» **THE TASK**
All entries are to be copied verbatim, while the pictures stay out.

*** EXTRACTED ENTRIES Section Begins ***

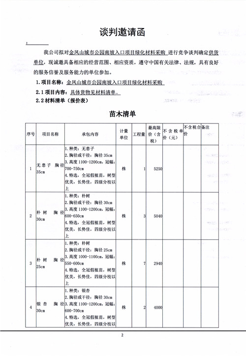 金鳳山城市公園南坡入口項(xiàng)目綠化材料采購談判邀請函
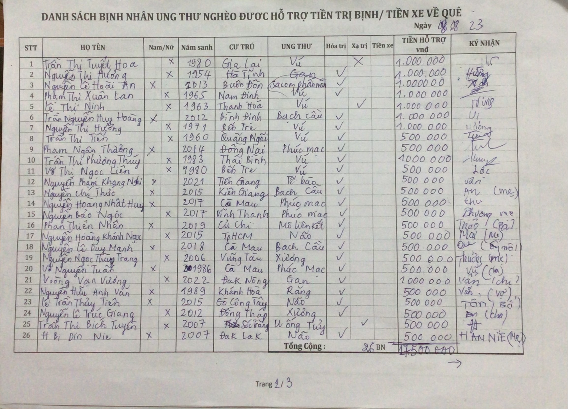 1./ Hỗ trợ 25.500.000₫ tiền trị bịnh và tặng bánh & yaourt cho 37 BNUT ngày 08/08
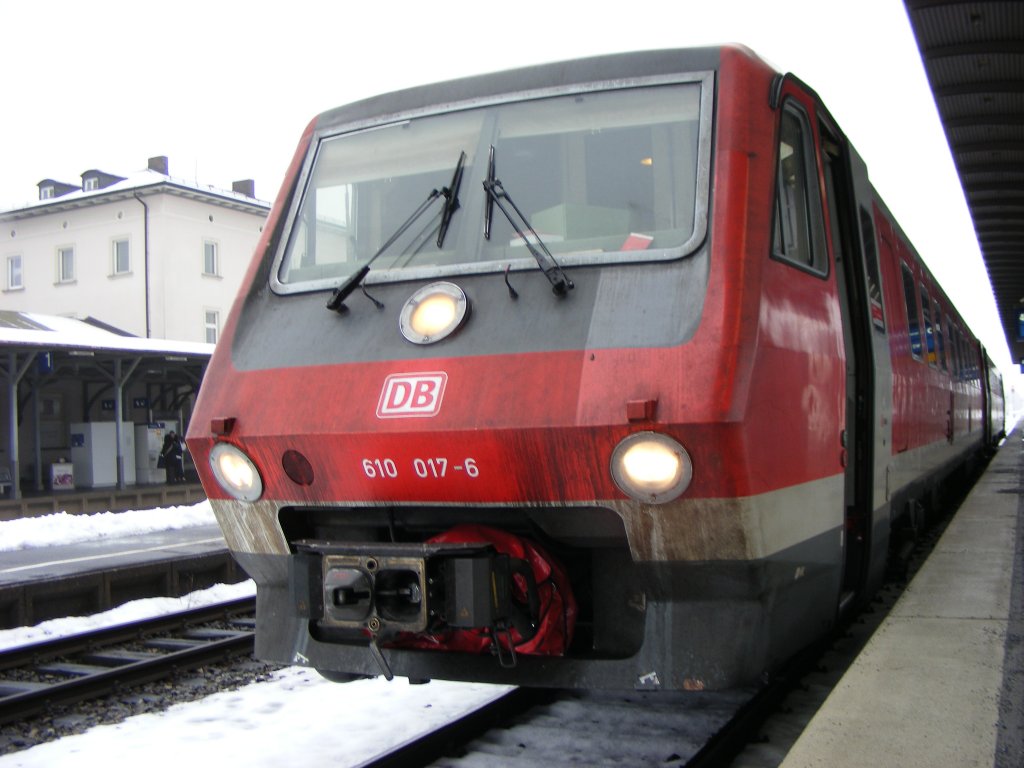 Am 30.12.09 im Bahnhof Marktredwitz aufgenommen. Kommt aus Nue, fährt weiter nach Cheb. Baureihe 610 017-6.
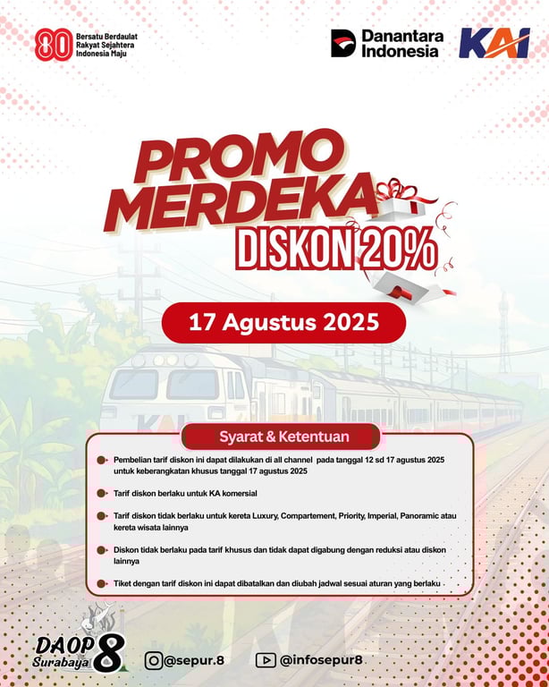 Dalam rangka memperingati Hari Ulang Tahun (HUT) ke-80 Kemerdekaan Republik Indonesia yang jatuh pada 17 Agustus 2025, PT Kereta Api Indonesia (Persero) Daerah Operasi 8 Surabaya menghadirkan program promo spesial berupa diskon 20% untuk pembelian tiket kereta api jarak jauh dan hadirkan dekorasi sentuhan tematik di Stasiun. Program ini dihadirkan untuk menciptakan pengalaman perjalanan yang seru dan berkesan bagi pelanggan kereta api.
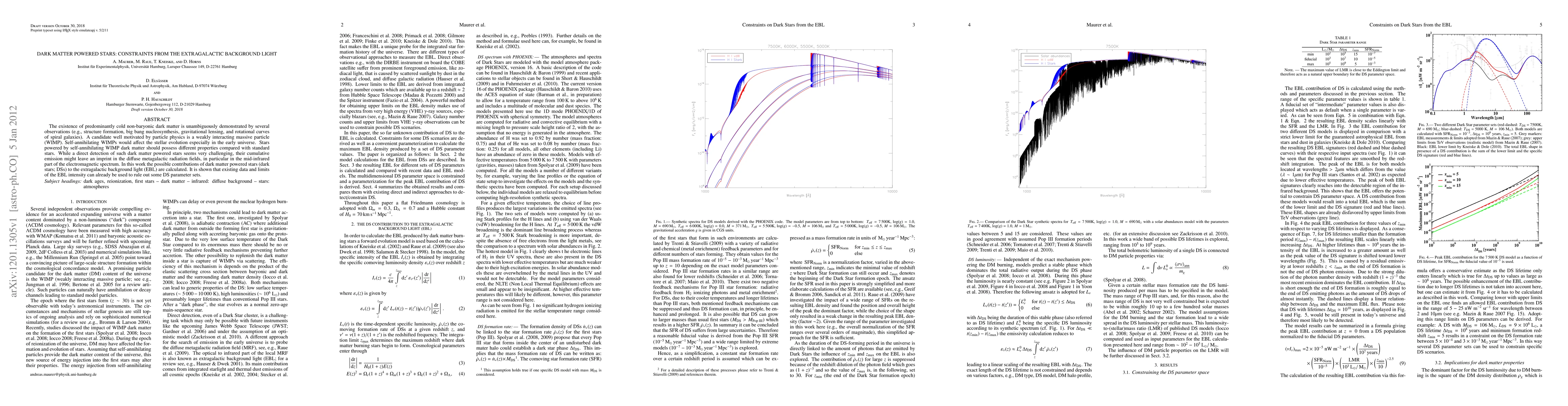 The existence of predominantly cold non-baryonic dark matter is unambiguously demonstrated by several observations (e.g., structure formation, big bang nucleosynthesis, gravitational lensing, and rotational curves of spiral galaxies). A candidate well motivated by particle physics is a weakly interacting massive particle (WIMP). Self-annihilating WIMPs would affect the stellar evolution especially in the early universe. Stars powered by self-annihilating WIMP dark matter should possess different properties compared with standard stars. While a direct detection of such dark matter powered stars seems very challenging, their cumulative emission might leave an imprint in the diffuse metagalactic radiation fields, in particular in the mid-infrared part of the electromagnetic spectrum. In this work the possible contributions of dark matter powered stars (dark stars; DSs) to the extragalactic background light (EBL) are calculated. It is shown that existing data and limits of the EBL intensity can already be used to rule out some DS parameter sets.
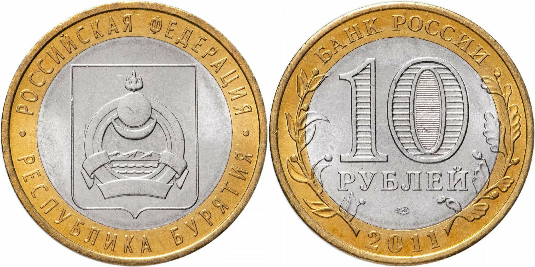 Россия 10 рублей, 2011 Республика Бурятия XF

*** EXTRACTED ENTRIES Section Ends ***

» **YOUR RESPONSE**
 金鳳山城市公園南坡入口項(xiàng)目綠化材料采購談判邀請函
 1./ Hỗ trợ 25.500.000₫ tiền trị bịnh và tặng bánh & yaourt cho 37 BNUT ngày 08/08
 Am 30.12.09 im Bahnhof Marktredwitz aufgenommen. Kommt aus Nue, fährt weiter nach Cheb. Baureihe 610 017-6.
 Dalam rangka memperingati Hari Ulang Tahun (HUT) ke-80 Kemerdekaan Republik Indonesia yang jatuh pada 17 Agustus 2025, PT Kereta Api Indonesia (Persero) Daerah Operasi 8 Surabaya menghadirkan program promo spesial berupa diskon 20% untuk pembelian tiket kereta api jarak jauh dan hadirkan dekorasi sentuhan tematik di Stasiun. Program ini dihadirkan untuk menciptakan pengalaman perjalanan yang seru dan berkesan bagi pelanggan kereta api.
 The existence of predominantly cold non-baryonic dark matter is unambiguously demonstrated by several observations (e.g., structure formation, big bang nucleosynthesis, gravitational lensing, and rotational curves of spiral galaxies). A candidate well motivated by particle physics is a weakly interacting massive particle (WIMP). Self-annihilating WIMPs would affect the stellar evolution especially in the early universe. Stars powered by self-annihilating WIMP dark matter should possess different properties compared with standard stars. While a direct detection of such dark matter powered stars seems very challenging, their cumulative emission might leave an imprint in the diffuse metagalactic radiation fields, in particular in the mid-infrared part of the electromagnetic spectrum. In this work the possible contributions of dark matter powered stars (dark stars; DSs) to the extragalactic background light (EBL) are calculated. It is shown that existing data and limits of the EBL intensity can already be used to rule out some DS parameter sets.
 Россия 10 рублей, 2011 Республика Бурятия XF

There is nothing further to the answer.